THE TASK:
Each line of the material should be set down exactly. Pictures are not part of the copy.

THE DATA:
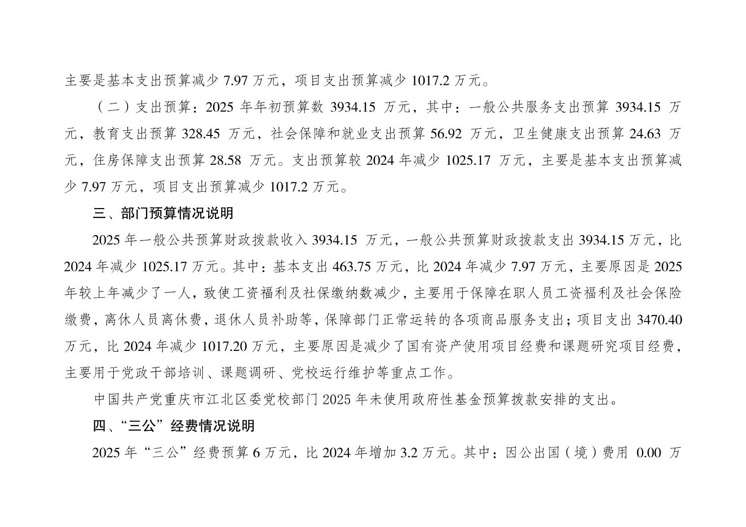中國共產(chǎn)黨重慶市江北區(qū)委員會黨校2025年部門預(yù)算情況說明
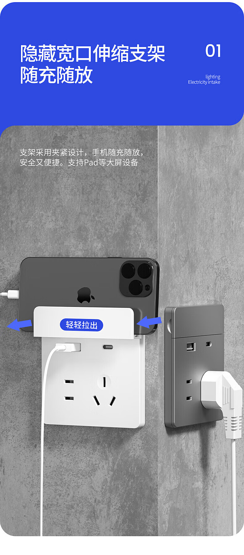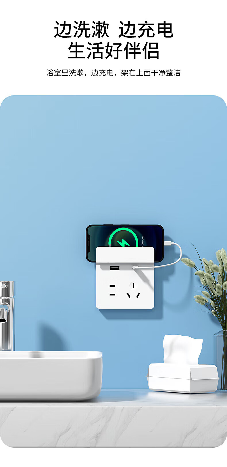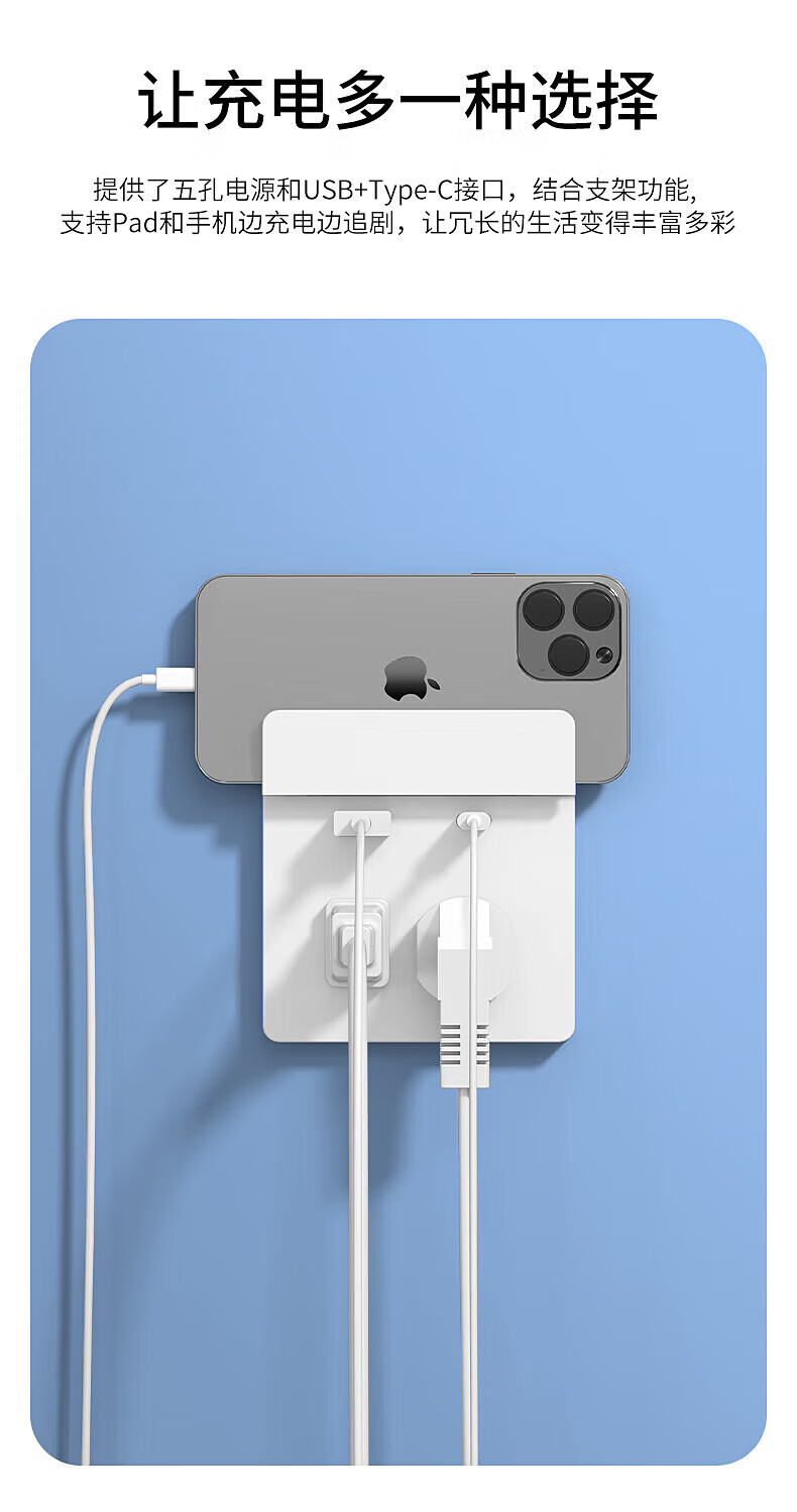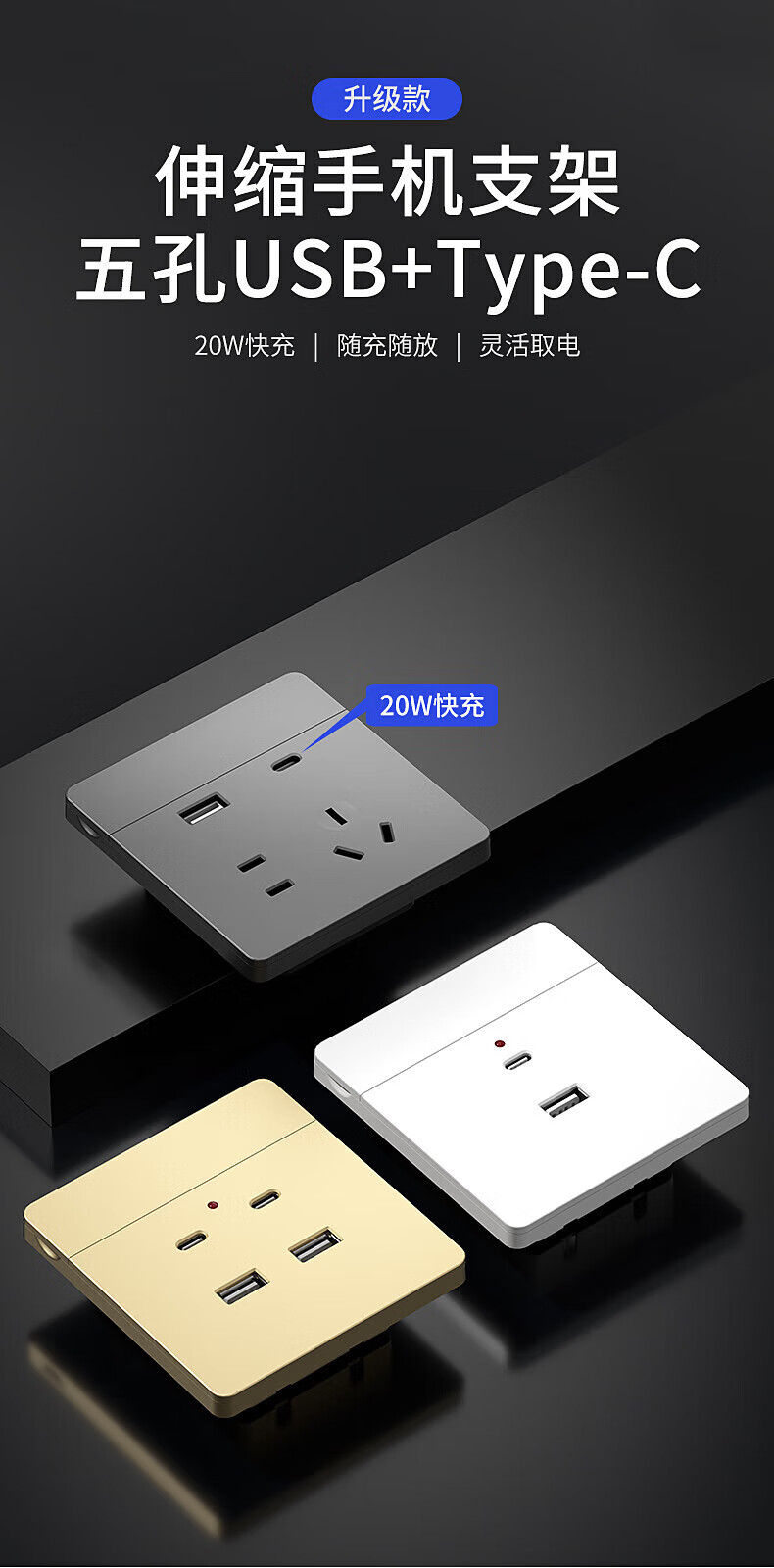国际电工86型家用type-c快充隐藏伸缩手机支架插座面板开关五孔带USB插座 时尚白-20W快充五孔USB+C-带支架
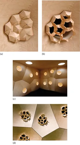 The concept is based on grain direction and the bending stiffness of thin wooden flaps that can absorb air moisture and expand. This opens up the possibility of regulating the perfect living conditions, requiring no human intervention. Figure 1.3a,b depicts the closed configuration and the open configuration for less humid and considerably more humid conditions, respectively, by expanding along the absorbed side to open the thin wooden flaps. Figure 1.3c,d shows the internal and external view of the HygroSkin, respectively, for varied humidity conditions. Thus, by sensing environmental changes, the material responds or actuates to achieve a functional requirement. This is an example of the stimuli-responsive concepts that have evolved as the building blocks of smart structures.
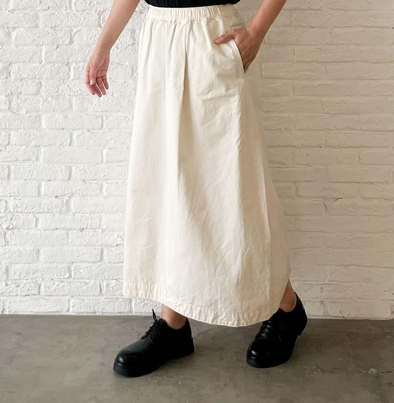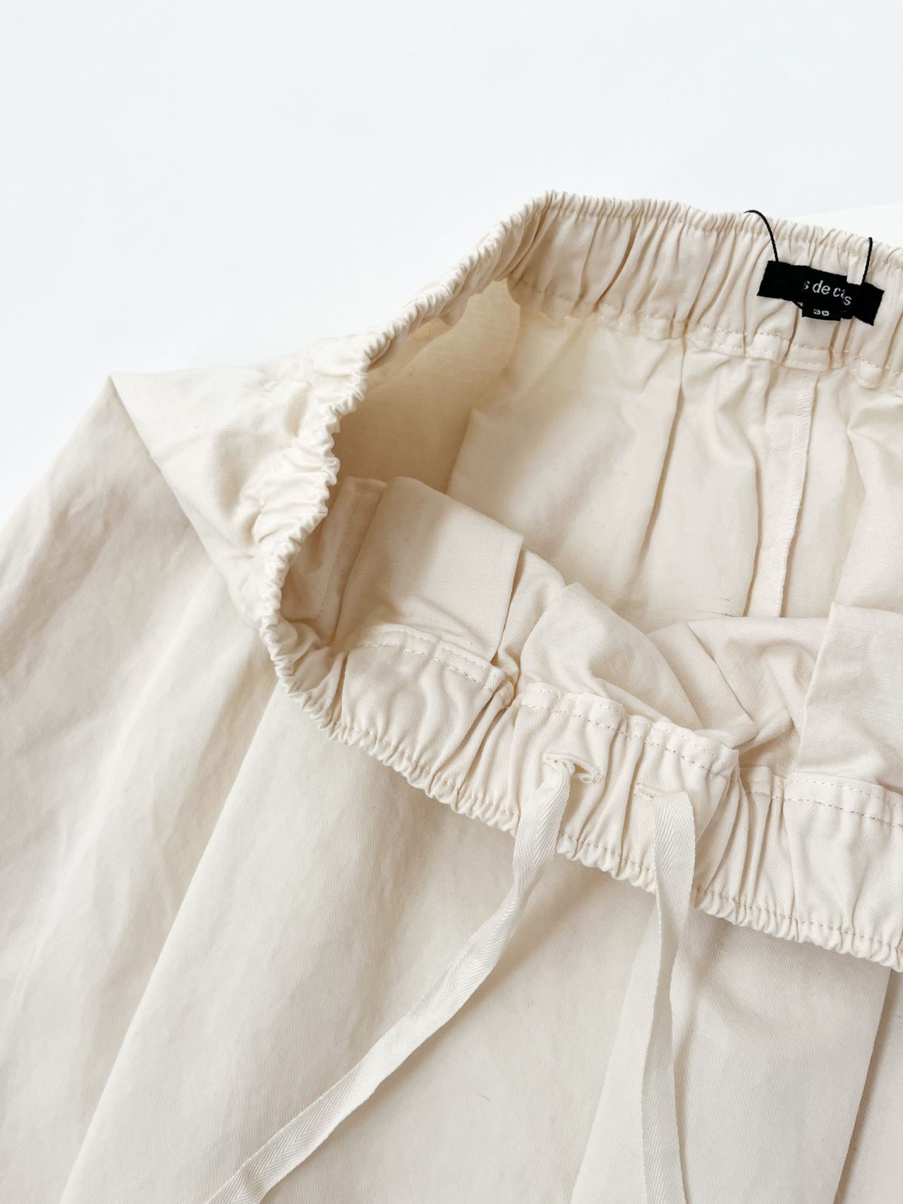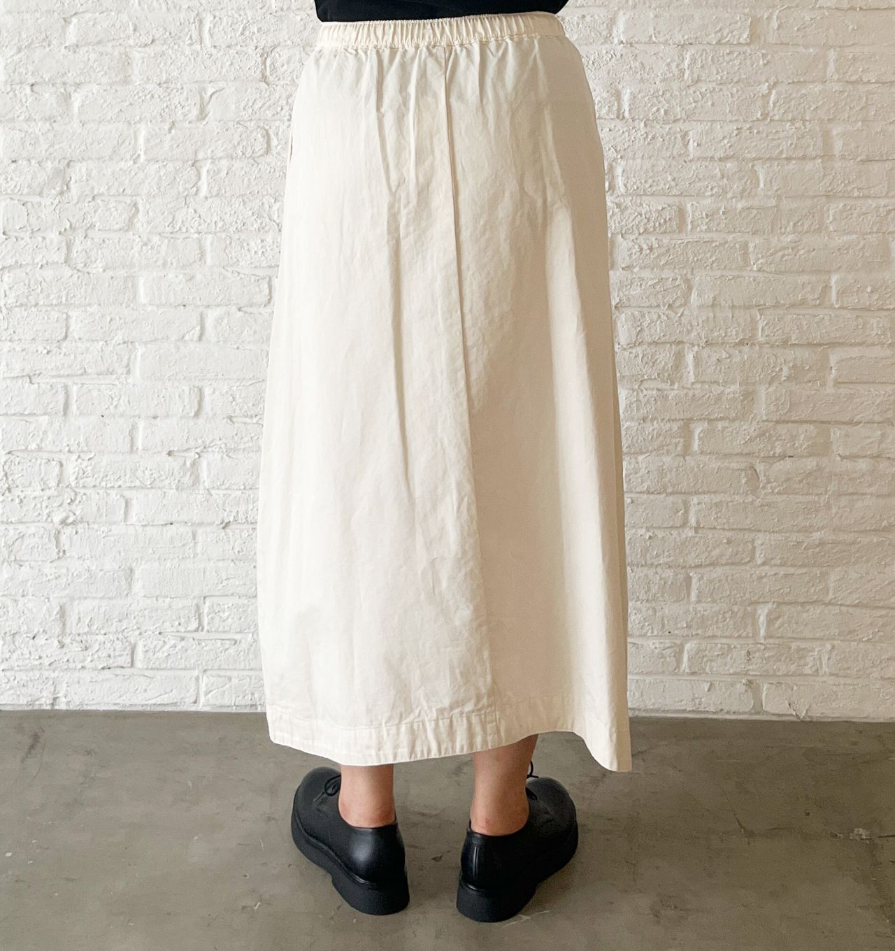 ウエストがゴム+紐で調節できる、コクーンシルエットのスカート。

EXERCISE ANSWER:
中國共產(chǎn)黨重慶市江北區(qū)委員會黨校2025年部門預(yù)算情況說明
国际电工86型家用type-c快充隐藏伸缩手机支架插座面板开关五孔带USB插座 时尚白-20W快充五孔USB+C-带支架
 The concept is based on grain direction and the bending stiffness of thin wooden flaps that can absorb air moisture and expand. This opens up the possibility of regulating the perfect living conditions, requiring no human intervention. Figure 1.3a,b depicts the closed configuration and the open configuration for less humid and considerably more humid conditions, respectively, by expanding along the absorbed side to open the thin wooden flaps. Figure 1.3c,d shows the internal and external view of the HygroSkin, respectively, for varied humidity conditions. Thus, by sensing environmental changes, the material responds or actuates to achieve a functional requirement. This is an example of the stimuli-responsive concepts that have evolved as the building blocks of smart structures.
 ウエストがゴム+紐で調節できる、コクーンシルエットのスカート。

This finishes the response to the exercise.